**WHAT YOU HAVE TO DO**:
Could you please retype the records exactly, minus their pictures?

-*-

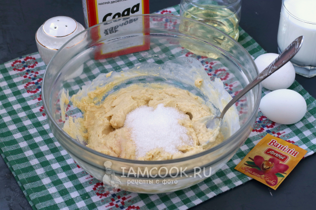 В тесто добавить соду и соль, перемешать и влить яичную смесь. Ещё раз хорошо перемешать. Тесто получится жидким.
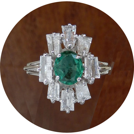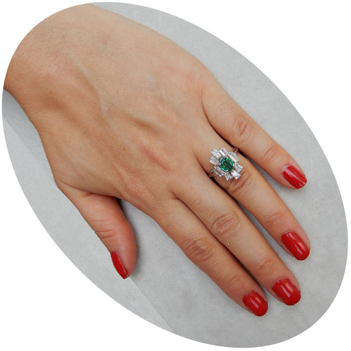 De Gouden EeuwRing, Smaragd, Diamant, 18K 18krt. witgouden rozetring met smaragd en diamant. Slijpsel: baguette & briljant Carat: circa 0,41 ct. smarag...
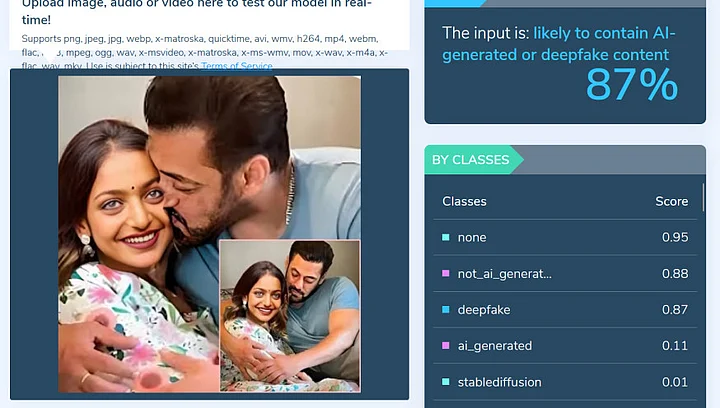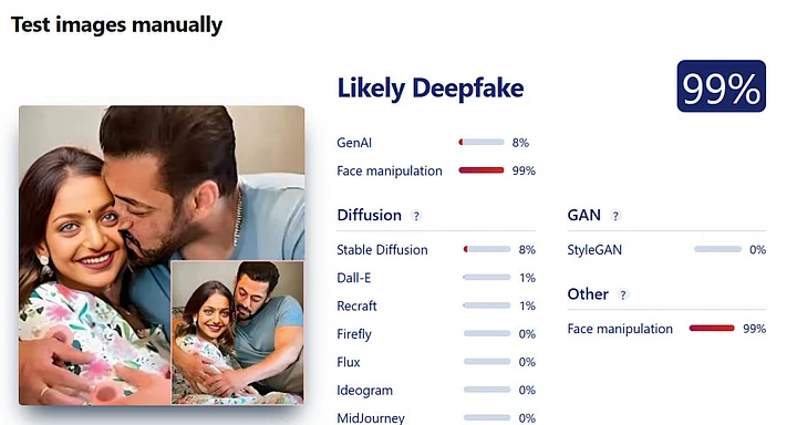 We also ran the image on AI-detection tools, Hive Moderation and SightEngine, which detected face manipulation to be over 99 percent.
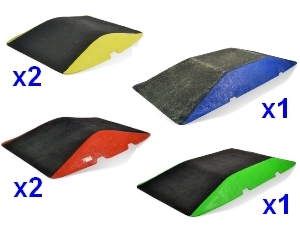 Lot de 6 obstacles pour l’acquisition des compétences du SRV (Savoir Rouler à Vélo) : 2 petites bosses, 2 bosses moyennes, 1 grande table, 1 petite table. Les éléments peuvent être utilisés pour tous les autres engins roulants : rollers, skateboard, trottinette…
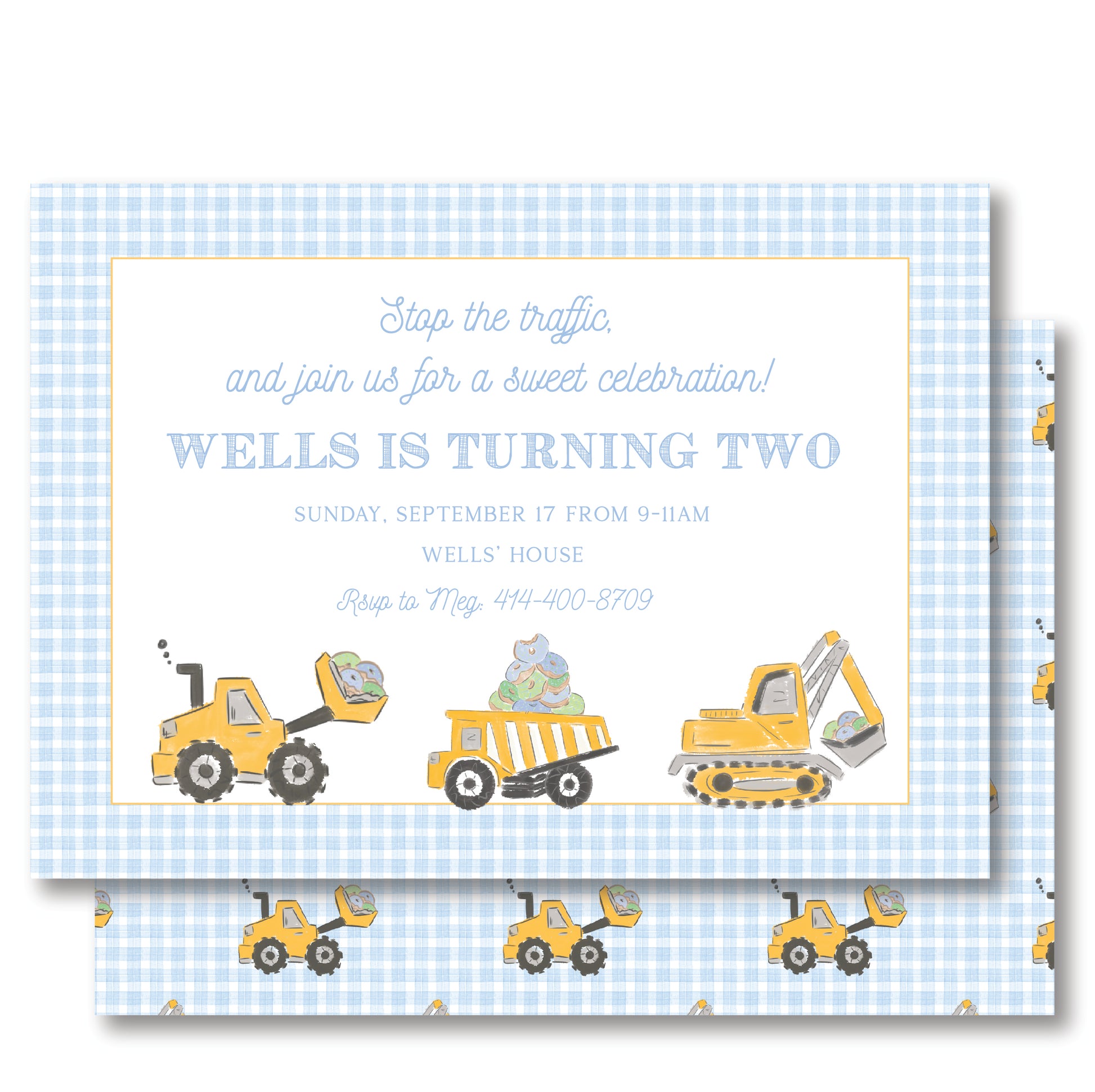 This invitation is printed on 120 lb. eggshell white card stock and includes envelopes.
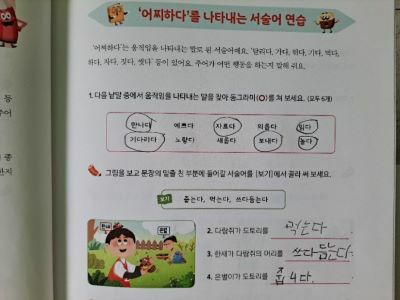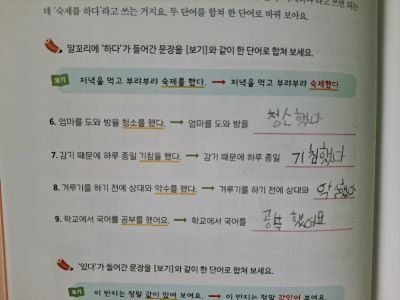 두 번 째 주성분 '서술어'입니다. 이제부터는 문장 만들기가 나오는데요. 아이가 어려워하지 않고 자신있게 쓰네요. <바른문장 만들기>를 다 끝내고 나면 어떤 글이라도 자신감있게 쓸 것 같아요.
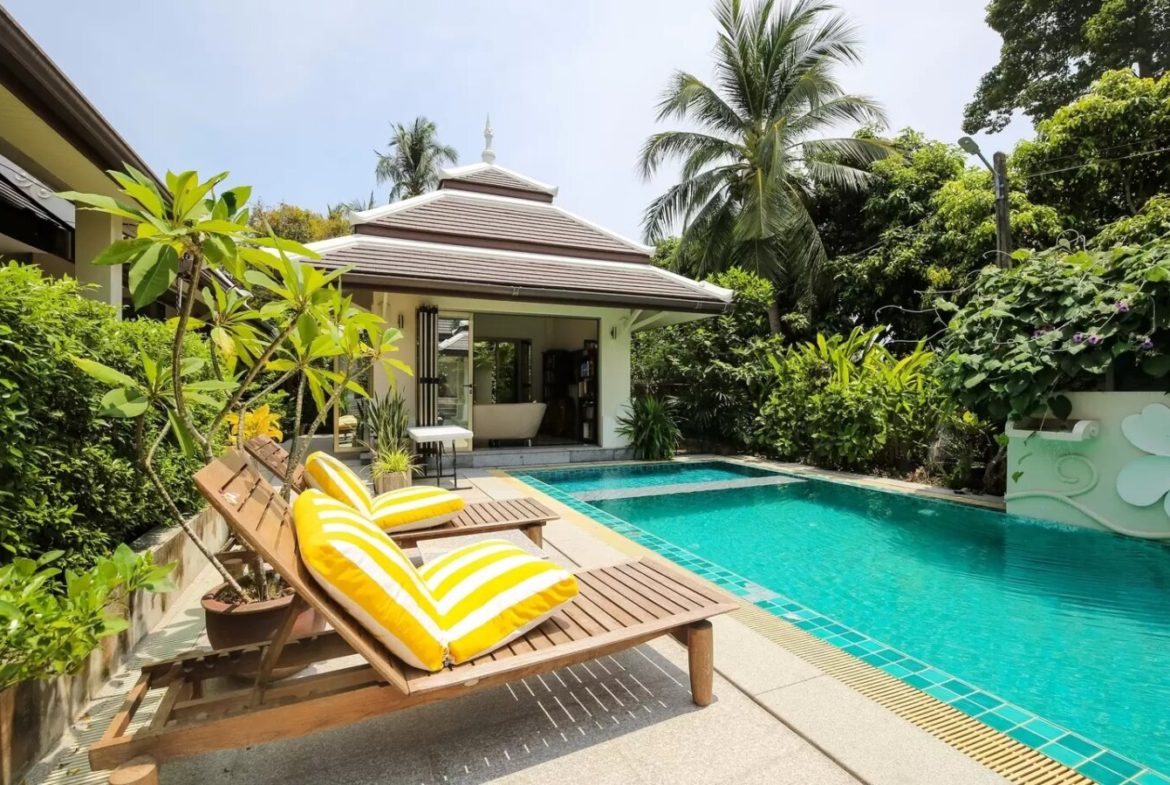 Nestled in the peaceful southern coast of Koh Samui, in Bang Kao, the villa is a mere 80 meters from the idyllic Bang Kao beach. Residents can enjoy the gentle sea breeze and the soothing sounds of the waves, complemented by the villa’s lush landscaping that echoes the tropical beauty of the surroundings.
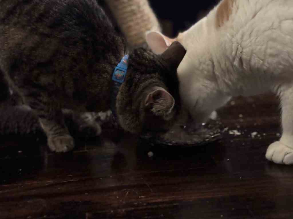 Speaking of a nice meal, once per day our three cats get wet food, and today for some reason Penny and Remus decided to eat wet food from the same dish. I have never seen this before or after this incident.

-*-

**PROBLEM SOLUTION**:
 В тесто добавить соду и соль, перемешать и влить яичную смесь. Ещё раз хорошо перемешать. Тесто получится жидким.
 De Gouden EeuwRing, Smaragd, Diamant, 18K 18krt. witgouden rozetring met smaragd en diamant. Slijpsel: baguette & briljant Carat: circa 0,41 ct. smarag...
 We also ran the image on AI-detection tools, Hive Moderation and SightEngine, which detected face manipulation to be over 99 percent.
 Lot de 6 obstacles pour l’acquisition des compétences du SRV (Savoir Rouler à Vélo) : 2 petites bosses, 2 bosses moyennes, 1 grande table, 1 petite table. Les éléments peuvent être utilisés pour tous les autres engins roulants : rollers, skateboard, trottinette…
 This invitation is printed on 120 lb. eggshell white card stock and includes envelopes.
 두 번 째 주성분 '서술어'입니다. 이제부터는 문장 만들기가 나오는데요. 아이가 어려워하지 않고 자신있게 쓰네요. <바른문장 만들기>를 다 끝내고 나면 어떤 글이라도 자신감있게 쓸 것 같아요.
 Nestled in the peaceful southern coast of Koh Samui, in Bang Kao, the villa is a mere 80 meters from the idyllic Bang Kao beach. Residents can enjoy the gentle sea breeze and the soothing sounds of the waves, complemented by the villa’s lush landscaping that echoes the tropical beauty of the surroundings.
 Speaking of a nice meal, once per day our three cats get wet food, and today for some reason Penny and Remus decided to eat wet food from the same dish. I have never seen this before or after this incident.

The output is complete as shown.